### What the task requires
The answer must be an exact transcription of the lines below from the first through the one containing "Dwa naleśniki smażone", with the pictures left out; please add nothing else.

### Working data
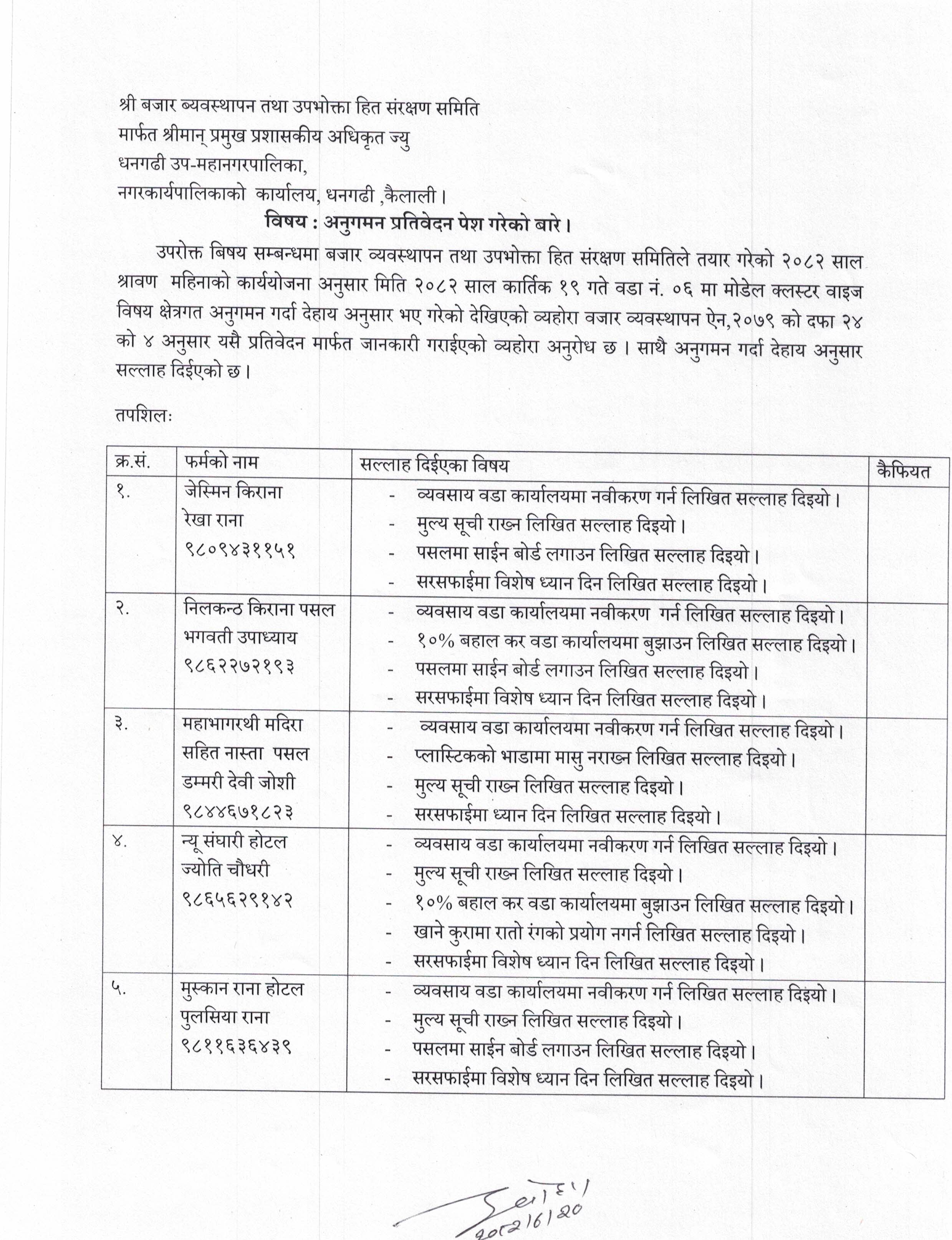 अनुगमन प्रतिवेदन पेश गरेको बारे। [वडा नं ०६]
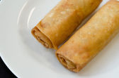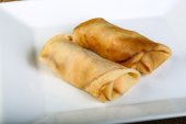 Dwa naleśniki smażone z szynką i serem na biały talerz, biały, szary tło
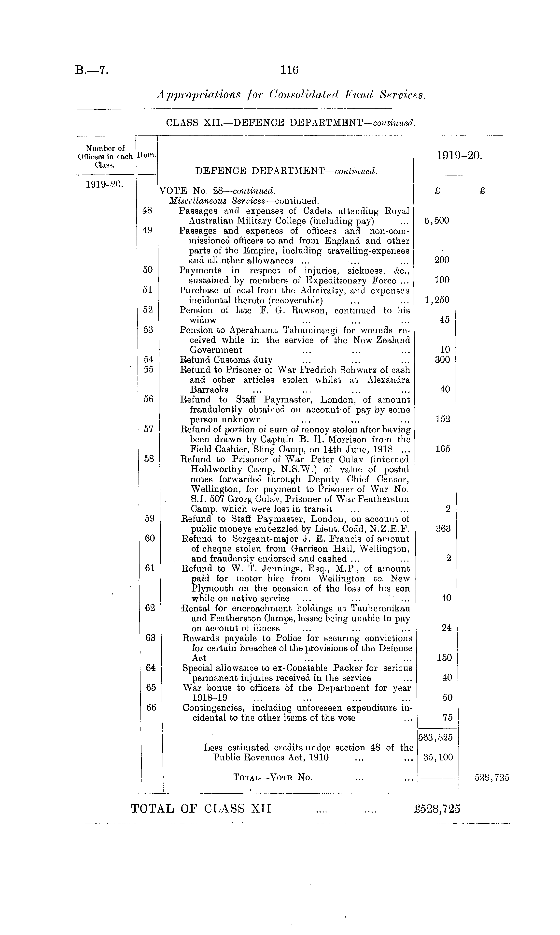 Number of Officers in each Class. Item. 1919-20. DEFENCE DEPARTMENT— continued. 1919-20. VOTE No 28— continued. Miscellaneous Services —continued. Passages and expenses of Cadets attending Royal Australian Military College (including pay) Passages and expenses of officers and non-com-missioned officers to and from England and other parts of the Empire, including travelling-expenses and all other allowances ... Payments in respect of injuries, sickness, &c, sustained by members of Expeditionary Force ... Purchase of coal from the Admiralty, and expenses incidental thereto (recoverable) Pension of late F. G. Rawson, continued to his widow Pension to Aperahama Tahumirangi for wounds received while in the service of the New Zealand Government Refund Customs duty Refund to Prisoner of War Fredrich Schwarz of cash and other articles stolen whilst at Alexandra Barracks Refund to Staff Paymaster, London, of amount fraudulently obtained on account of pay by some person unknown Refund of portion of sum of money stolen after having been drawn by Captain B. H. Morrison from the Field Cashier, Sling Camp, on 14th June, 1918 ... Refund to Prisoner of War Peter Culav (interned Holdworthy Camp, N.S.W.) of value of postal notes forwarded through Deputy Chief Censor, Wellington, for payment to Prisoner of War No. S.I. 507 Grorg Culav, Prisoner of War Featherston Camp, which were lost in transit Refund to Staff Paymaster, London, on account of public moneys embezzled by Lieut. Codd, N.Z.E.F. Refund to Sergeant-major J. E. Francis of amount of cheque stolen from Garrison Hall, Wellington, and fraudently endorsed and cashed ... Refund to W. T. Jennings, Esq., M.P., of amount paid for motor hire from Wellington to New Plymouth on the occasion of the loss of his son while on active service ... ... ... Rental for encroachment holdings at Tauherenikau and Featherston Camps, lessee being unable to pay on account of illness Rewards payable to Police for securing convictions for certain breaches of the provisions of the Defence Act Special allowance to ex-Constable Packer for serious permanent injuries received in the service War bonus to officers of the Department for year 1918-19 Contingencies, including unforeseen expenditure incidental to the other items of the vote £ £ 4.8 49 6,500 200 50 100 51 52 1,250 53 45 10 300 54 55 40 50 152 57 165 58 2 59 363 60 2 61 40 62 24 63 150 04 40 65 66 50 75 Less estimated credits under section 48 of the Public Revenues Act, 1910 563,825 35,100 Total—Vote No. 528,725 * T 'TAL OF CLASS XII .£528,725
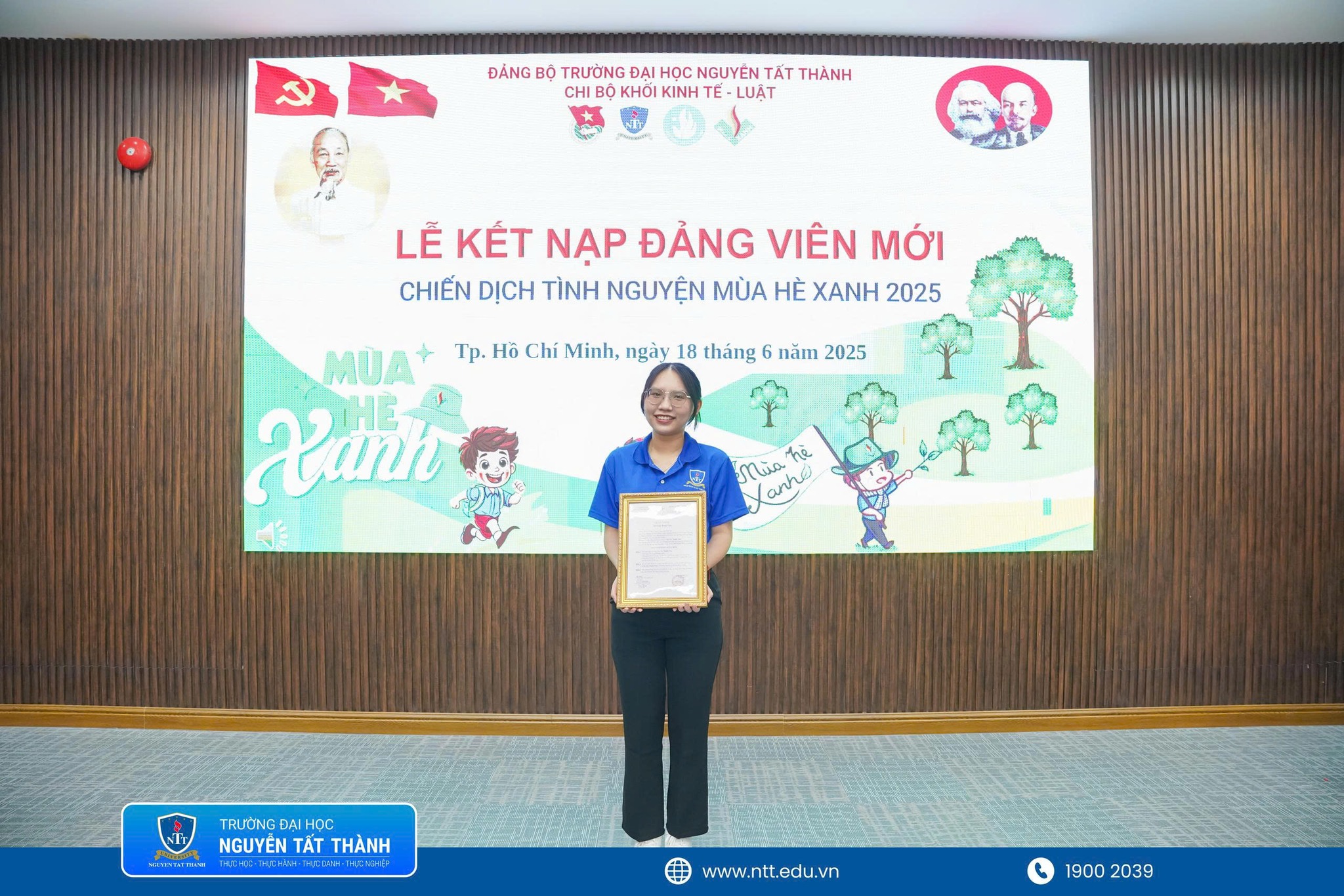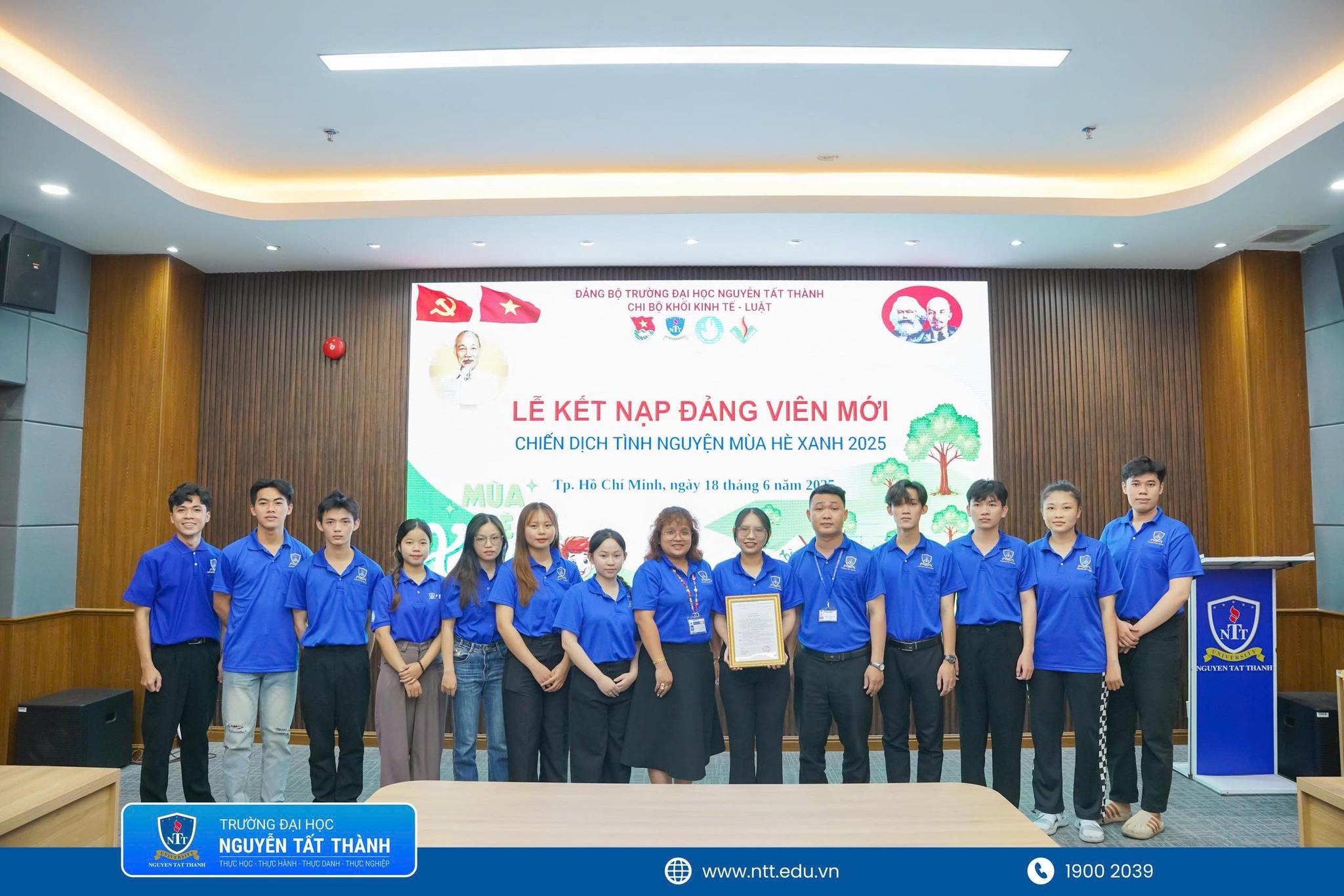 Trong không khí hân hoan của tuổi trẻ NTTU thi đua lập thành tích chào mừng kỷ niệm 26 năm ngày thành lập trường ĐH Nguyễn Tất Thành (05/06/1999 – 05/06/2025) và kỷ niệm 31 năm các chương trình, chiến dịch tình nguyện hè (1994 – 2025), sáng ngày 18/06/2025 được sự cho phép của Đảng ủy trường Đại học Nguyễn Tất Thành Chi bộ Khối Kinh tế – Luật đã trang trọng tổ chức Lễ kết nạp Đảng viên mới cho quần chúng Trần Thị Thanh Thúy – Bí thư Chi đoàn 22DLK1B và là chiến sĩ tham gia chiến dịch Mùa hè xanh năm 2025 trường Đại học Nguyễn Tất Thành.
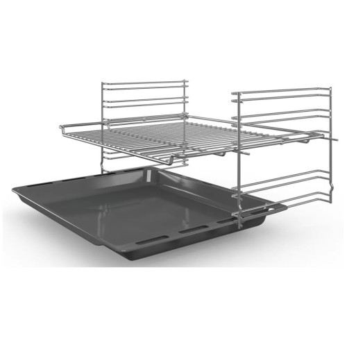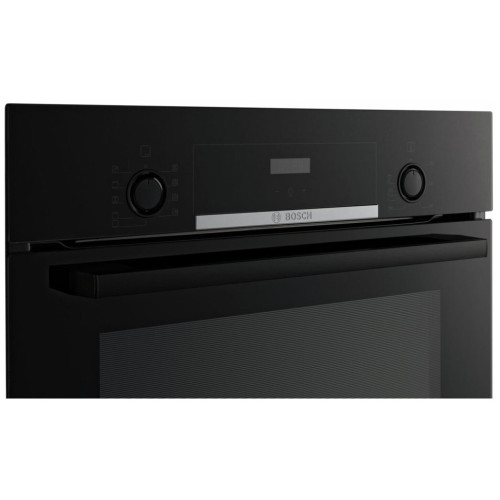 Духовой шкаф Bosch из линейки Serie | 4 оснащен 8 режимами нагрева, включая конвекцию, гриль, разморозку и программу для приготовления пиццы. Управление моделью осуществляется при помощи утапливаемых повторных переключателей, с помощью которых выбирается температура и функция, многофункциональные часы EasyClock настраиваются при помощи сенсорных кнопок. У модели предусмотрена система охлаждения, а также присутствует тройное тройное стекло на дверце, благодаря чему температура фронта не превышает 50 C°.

### Your response
 अनुगमन प्रतिवेदन पेश गरेको बारे। [वडा नं ०६]
 Dwa naleśniki smażone z szynką i serem na biały talerz, biały, szary tło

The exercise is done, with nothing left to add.